Charter cap CREDO | City of Ideas

Posted 03/08/2013 by Paul S. Grogan

CREDO found that the typical student in a Massachusetts charter school gains about one and a half more months of learning per year in reading and two and a half more months of learning per year in math than his or her district school student peer.

In Boston, though, the findings were startling, in a good way. Researchers found that the typical student in a Boston charter (about 13 percent of the state’s charter students) gained more than twelve months of additional learning per year in reading and thirteen months greater progress in math.

Think of it – that’s basically two years of learning in one school year, and it carried across schools.  CREDO director Margaret Raymond put it succinctly. “The results for Boston are meaningful in two ways.
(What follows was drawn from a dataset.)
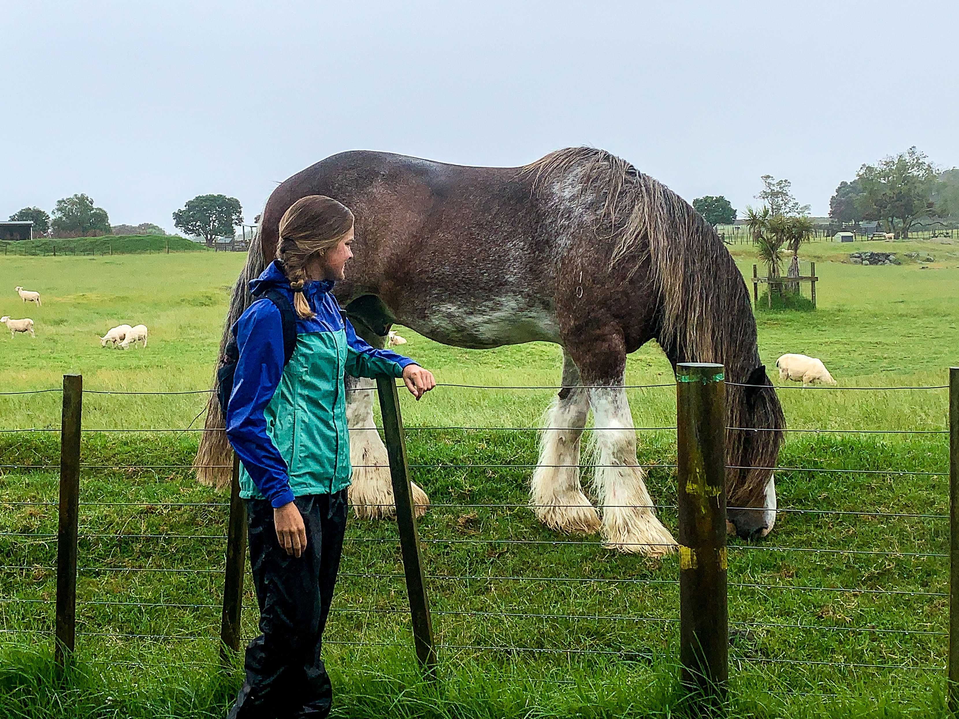 The next day is the longest I have walked on trail so far at 39km from Ambury Farm to the end of Papakura. If I thought it had rained the previous day then this was a monsoon. Cyclone Rubys storm had made her presence known to the occupants of JAFA land. Never did the rain ease and my waterproof clothing really got tested. Turns out nothing that has a hole big enough to fit your head through is really that waterproof. But to make the whole day worth being saturated and looking like a drowned rat I got to see my childhood favourites. As a kid I used to visit Ambury Farm a lot to see the 2 Clydesdale horses. They’re the coolest of the horse breeds incase you’re wondering and at various points in my life I have visited them when I was feeling happy, sad, confused, whatever and they always cheered me up. Well today was no exception. The horses were on full display chewing grass in the paddock and me in my rain coat and rain pants couldn’t have been happier to see them 🙂

First, they provide an example for charter schools elsewhere in the state, where performance was not as strong,” she said. “Second, and more important, the Boston charter schools offer students from historically underserved backgrounds a real and sustained chance to close the achievement gap.”
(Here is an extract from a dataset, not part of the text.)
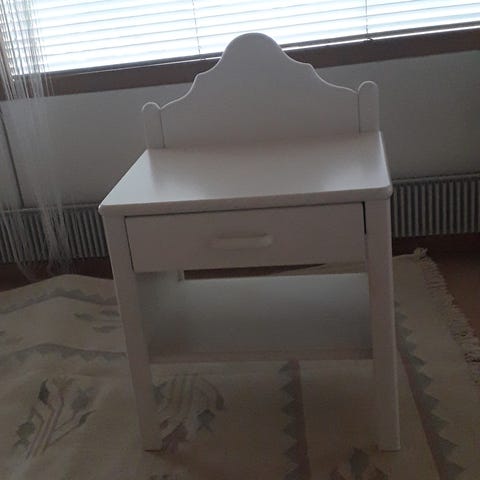 Yö-pöytä 2 laatikolla, kuvanmukainen, mäntyviilutettu kansi, massiiviset mänty-jalat.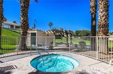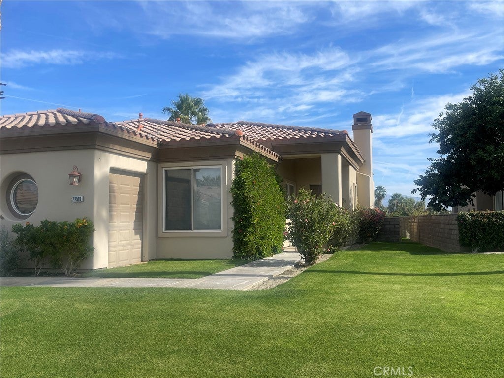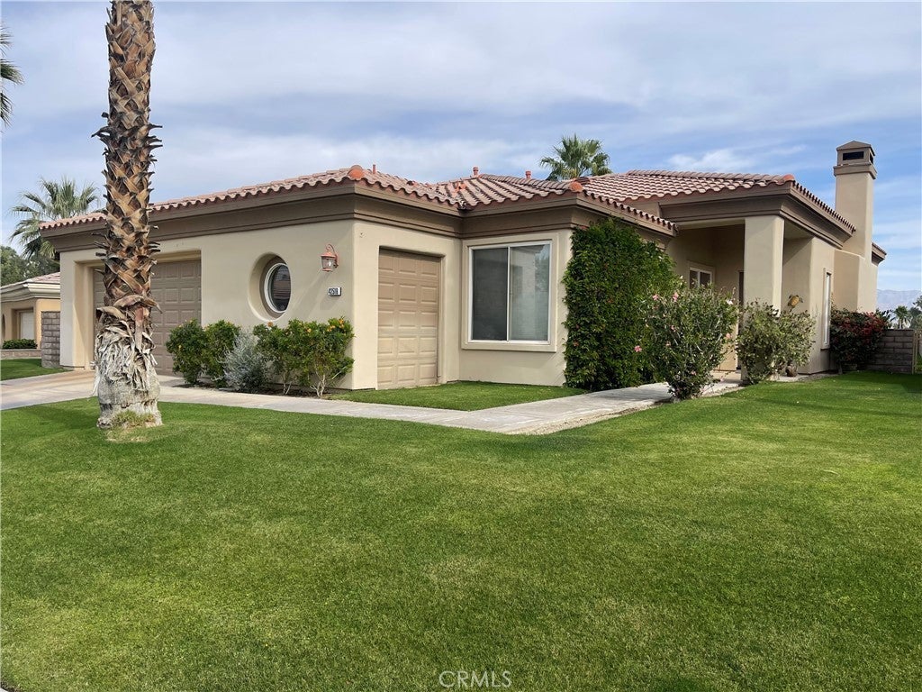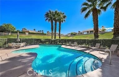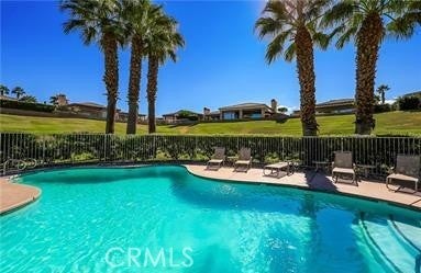 Welcome to Bellissimo, a quiet, gated community of 52 homes within guard gated Bermuda Dunes Country Club. This 3 bedroom, 3 bath home overlooks the common area, heated pool and spa and adjacent outdoor shower. Open concept living area with sliders opening to a relaxing patio with mountain views. Living area with fireplace, kitchen with granite countertops, many cabinets, high-rise kitchen island also with granite countertop with barstool chairs, gas cooktop and separate dining area. Primary bedroom (w/ensuite) with sliders opening to gorgeous mountains views. Separate laundry closet with washer/dryer. Two car garage with adjacent golf cart garage. HOAs include security, cable TV, internet, landscape maintenance of both front and rear of the home and the open area and pool/spa. This lovely home is steps away from Bermuda Dunes Country Club (memberships available). Bermuda Dunes Country Club's considered one of the most distinguished & prestigious golf clubs in Coachella Valley. Fabulous restaurants/shopping nearby. A MUST SEE!

Boston charters have shown their success as well on the annual MCAS test. In fact, on the 2012 MCAS, the schools with the highest combined percentage of students scoring proficient or higher at every grade level in the city were charter schools.

It’s no wonder with those results that today, there are more than three times the number of names on charter school waiting lists as there are total seats in Boston charters. Last year, by the numbers, it was harder to get into the Edward M. Brooke Charter School than it was to get into M.I.T.
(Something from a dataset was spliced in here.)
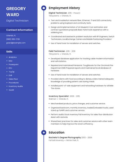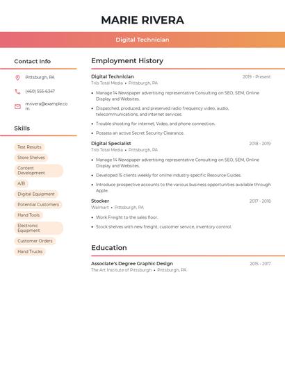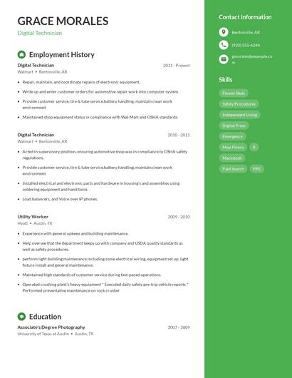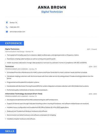 You can use Zippia's AI resume builder to make the resume writing process easier while also making sure that you include key information that hiring managers expect to see on a digital technician resume. You'll find resume tips and examples of skills, responsibilities, and summaries, all provided by Zippi, your career sidekick.

That brings us to a second story. Last Tuesday, the Massachusetts Board of Education approved more than 3,000 additional public charter school seats for the Commonwealth, including more than 1,500 in the city of Boston. The good news is in some ways overshadowed, though, by the knowledge that the new seats put Boston at its “charter cap” – the maximum number of charter school seats allowed by state law under the 2010 “Act to Eliminate the Achievement Gap.”

Charter seats are public school seats assigned by lottery – a lottery that can change the lives of the winners, and leaves thousands of other equally deserving students behind. That annual lottery happens next week, and when it is over, there will still be more than 20,000 Boston students with names on waitlists for charter seats.

Yet here we are at the cap.

It’s not just charter students who are winning – it turns out teachers are finding charters rewarding, too. Last spring, the State Department of Elementary and Secondary Education surveyed teachers across the state in the TELLMass survey. 90 percent of the Boston charter school teachers surveyed said their schools were good places to work and learn, versus 83 percent in all schools statewide. Among the other findings:

Charter teachers were 26 percent more likely to say they had an appropriate amount of influence on decisionmaking.

Charter teachers scored 16 points higher than the state average for autonomy, and 20 points higher when asked whether they had time to collaborate with each other.

They were 19 percentage points more likely to say leadership shared their vision for their school, and 20 points more likely to say they felt supported by leadership.

And by a 27 percent margin – 87 percent versus 60 percent in public schools statewide – Boston’s charter teachers said they had sufficient instructional time to meet the needs of all students.

Yet here we are at the cap.


The Boston Foundation, as the convening member of the Race to the Top Coalition, is bringing back that Coalition to support a bill from Sen. Barry Finegold and Rep. Russell Holmes that would eliminate the charter cap in the state’s lowest-performing districts to ensure that places like Boston, Holyoke and Lawrence can provide all students with the best possible public education. It would also increase the flexibility for some of the state’s most-challenged public schools to turn themselves around before they are classified as “Level 4” or failing schools.

We often talk of the importance of education as the “great equalizer” for young people. We need to create a system where families, not a lottery, can select the type of public school their children attend, and where all schools, charter and traditional can be held to account for their success and given the resources needed to improve.

The CREDO research shows that charter public schools are making a difference for their students – and are closing the achievement gap. We need to have the political courage to make sure that thousands of students aren’t closed out of the opportunity to attend them.

End the ‘life lottery.’ Lift the cap.